We read with great interest the article by Coppola and colleagues on the potential role of total lung stress in the disease progression of coronavirus disease 2019 (COVID-19)-related pneumonia [1]. We thank the authors for their work and appreciate the time and effort involved in performing all measurements including the assessment of the esophageal pressure swing (ΔPeso) in COVID-19 patients on non-invasive respiratory support. However, we have some comments on the statistical methods, calculation of total lung stress, and potential confounders.

The authors studied the effects of total lung stress in early COVID-19 pneumonia. The associations of various variables recorded at day 1 with patient outcome were evaluated based on univariate p values. Variables with p values < 0.05 were included in a multivariable regression model. This practice, though widespread in clinical publications, is highly susceptible to bias and not very sensitive to confounding effects, particularly in small sample size studies [2].

Three variables were selected by this method: total lung stress, ΔPeso and FiO2/PaO2 ratio. The authors claim that only total lung stress was independently associated with outcome. Since ΔPeso is part of the formula for total lung stress, there is reason to believe that these variables are highly correlated. As collinearity is problematic in (generalized) linear models, we think that the study could benefit from additional sensitivity analyses presenting the results of a logistic model considering the FiO2/PaO2 ratio and only one of the other two variables.

In addition, the calculation of the total lung stress is subject to several assumptions that call into question the close relationship to the study outcome.
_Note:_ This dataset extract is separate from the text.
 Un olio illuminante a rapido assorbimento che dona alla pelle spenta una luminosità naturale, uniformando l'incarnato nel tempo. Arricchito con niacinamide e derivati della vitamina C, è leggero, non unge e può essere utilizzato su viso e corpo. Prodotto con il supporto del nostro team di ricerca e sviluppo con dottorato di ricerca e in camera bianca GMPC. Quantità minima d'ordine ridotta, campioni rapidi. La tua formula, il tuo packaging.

The total lung stress, i.e. the maximum tension in the lung parenchyma counteracting forces applied through tidal breathing, is clinically defined as endinspiratory transalveolar pressure (Pel(L)). Pel(L) is the transpulmonary pressure in the absence of airflow (i.e. under static conditions). The total lung stress computed by Coppola et al. includes a dynamic component (i.e. \(\Delta P_{{{\text{aw}}}} - \;\Delta P_{{{\text{eso}}}}\)). This leads to an overestimation of the Pel(L) [3]. Seven patients with negative outcome had “abdominal respiratory mechanics”. Recruitment of the expiratory muscles rises end-expiratory esophageal pressure. This elevates the measured ΔPeso which in turn could make the computed lung stress appear higher than it actually was.
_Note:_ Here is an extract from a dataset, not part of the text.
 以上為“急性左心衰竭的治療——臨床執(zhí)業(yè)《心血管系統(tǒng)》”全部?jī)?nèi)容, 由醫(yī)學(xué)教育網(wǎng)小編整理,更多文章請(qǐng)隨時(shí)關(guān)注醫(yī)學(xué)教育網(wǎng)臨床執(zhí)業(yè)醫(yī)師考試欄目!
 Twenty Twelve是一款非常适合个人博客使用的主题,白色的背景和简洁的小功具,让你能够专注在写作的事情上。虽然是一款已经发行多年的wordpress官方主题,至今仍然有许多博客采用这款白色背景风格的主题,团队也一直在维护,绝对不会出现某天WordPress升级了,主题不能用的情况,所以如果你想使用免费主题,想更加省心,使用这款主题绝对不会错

The authors considered positive end-expiratory pressure (PEEP) to be mandatory included into the total lung stress formula. But a recent study showed a significant reduction in intubation rate with higher PEEP (continuous positive airway pressure) compared to low PEEP (nasal high flow) suggesting a rather protective effect of PEEP induced lung stress [4].

In our opinion, these points underline the importance of searching for unmeasured confounding. It seems conceivable that disease severity correlates with increased pulmonary vascular thrombosis and correspondingly increased physiological dead space [5]. This would increase the ventilatory equivalent for CO2 and be associated with an increased ΔPeso. It would, therefore, interesting to include d-dimers as surrogate parameter as well as other established confounders such as age, obesity or cardiovascular diseases in the analysis, though the potential for overly exhaustive exploratory analysis is limited by the given sample size.